__Data extract__
==========

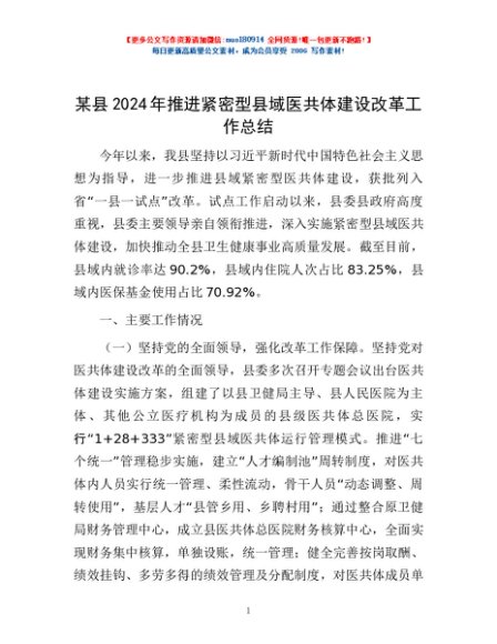 / 某县2024年推进紧密型县域医共体建设改革工作总结
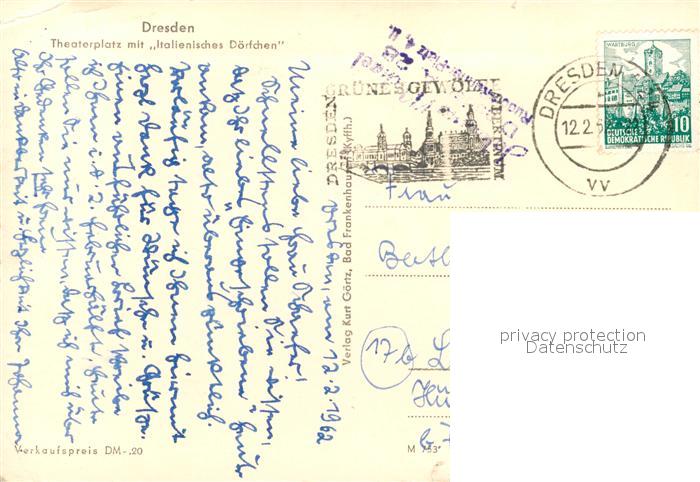 73300722 alte Postkarte Dresden Theaterplatz mit Italienisches Doerfchen postalisch gelaufen Erhaltung siehe scans [FriedD77] KatCode: 11110014262000
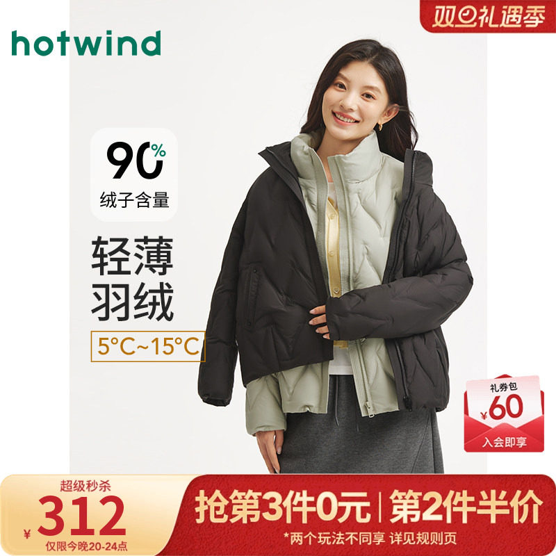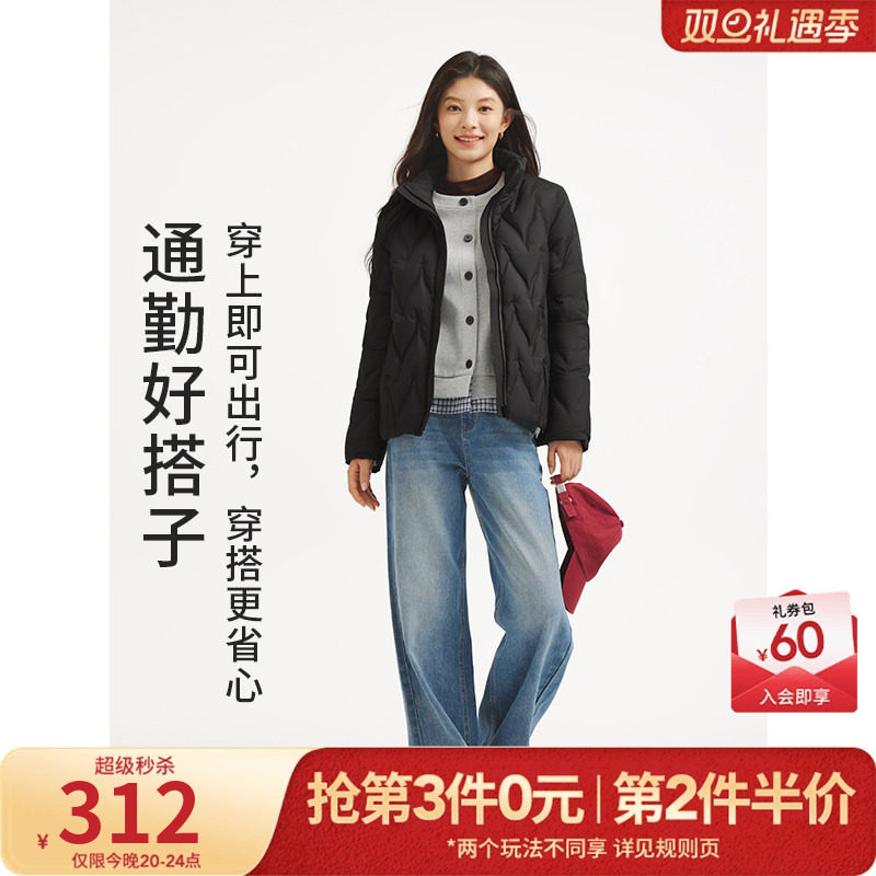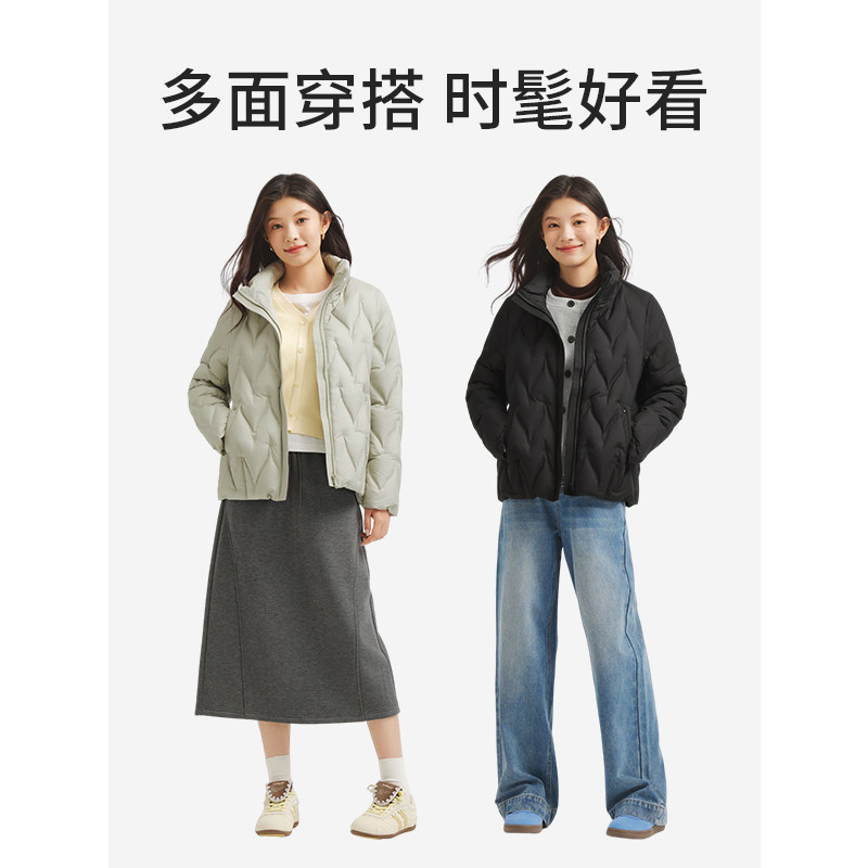 热风2025年冬季新款女士立领轻薄鸭绒羽绒服纯色耐脏好打理
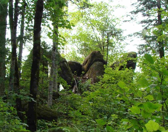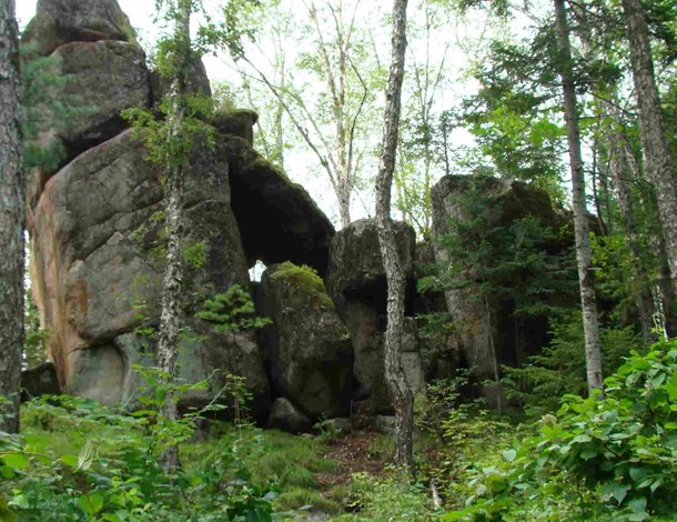 位于距市區(qū)7公里處。在一片密林中,有一簇平地拔地而起,以一塊塊花崗巖巨石砌成的石峰,高大雄偉,其形似柱,稱謂石林。石林由六座石峰組成,南二北四。北面四座一字梯形排列,一高近丈,二高近二丈,三高平二丈,四高一丈半。二峰端長有蒼松一株,似示最高。各峰成形惟妙,二三座石峰間相距極狹,僅尺許,縫如刀切,稱“一線天”。在第四座石峰南5米處,還有兩座石峰,相距不足1米,微低。遠(yuǎn)望,形如雄師臥地,前身支起而后身匍匐,似忠誠的護(hù)林衛(wèi)士。第二叢樹林,在第一叢以東偏南,相距約百米。由三座石峰構(gòu)成,北二南一。北西兩座甚是匹配,高九仞余,其中一座有三個(gè)峰端,有護(hù)林人“家業(yè)興旺”之寓。沿三峰石南側(cè)攀緣而上,至高6米處,鉆過兩塊大石堆成的石門,便到了石峰東側(cè)的平臺(tái),臺(tái)成弧狀,可納十余人。臺(tái)下是陡峭絕壁,其險(xiǎn)令人目眩。臺(tái)之對(duì)面,有一塊呈圓鼓狀、低于平臺(tái)1米之大石,可容四人并坐,版權(quán)所有山東聊城聊之旅國際旅行社有限公司,轉(zhuǎn)載必究!其底部與三峰石相連,有狹道與平臺(tái)相通。登石眺望,可觀得西南方向約20米處的丈余高之石峰,似一擎天巨柱……石林,仿佛小興安嶺建設(shè)者之雄資,在廣袤密林中,手捧奇花異草,伴著山間小溪流水淙淙,迎候著遠(yuǎn)方的客人。

==========

__Your instructions__
Make an exact printout of the listing above, omitting the images.

__Output__
 / 某县2024年推进紧密型县域医共体建设改革工作总结
 73300722 alte Postkarte Dresden Theaterplatz mit Italienisches Doerfchen postalisch gelaufen Erhaltung siehe scans [FriedD77] KatCode: 11110014262000
 热风2025年冬季新款女士立领轻薄鸭绒羽绒服纯色耐脏好打理
 位于距市區(qū)7公里處。在一片密林中,有一簇平地拔地而起,以一塊塊花崗巖巨石砌成的石峰,高大雄偉,其形似柱,稱謂石林。石林由六座石峰組成,南二北四。北面四座一字梯形排列,一高近丈,二高近二丈,三高平二丈,四高一丈半。二峰端長有蒼松一株,似示最高。各峰成形惟妙,二三座石峰間相距極狹,僅尺許,縫如刀切,稱“一線天”。在第四座石峰南5米處,還有兩座石峰,相距不足1米,微低。遠(yuǎn)望,形如雄師臥地,前身支起而后身匍匐,似忠誠的護(hù)林衛(wèi)士。第二叢樹林,在第一叢以東偏南,相距約百米。由三座石峰構(gòu)成,北二南一。北西兩座甚是匹配,高九仞余,其中一座有三個(gè)峰端,有護(hù)林人“家業(yè)興旺”之寓。沿三峰石南側(cè)攀緣而上,至高6米處,鉆過兩塊大石堆成的石門,便到了石峰東側(cè)的平臺(tái),臺(tái)成弧狀,可納十余人。臺(tái)下是陡峭絕壁,其險(xiǎn)令人目眩。臺(tái)之對(duì)面,有一塊呈圓鼓狀、低于平臺(tái)1米之大石,可容四人并坐,版權(quán)所有山東聊城聊之旅國際旅行社有限公司,轉(zhuǎn)載必究!其底部與三峰石相連,有狹道與平臺(tái)相通。登石眺望,可觀得西南方向約20米處的丈余高之石峰,似一擎天巨柱……石林,仿佛小興安嶺建設(shè)者之雄資,在廣袤密林中,手捧奇花異草,伴著山間小溪流水淙淙,迎候著遠(yuǎn)方的客人。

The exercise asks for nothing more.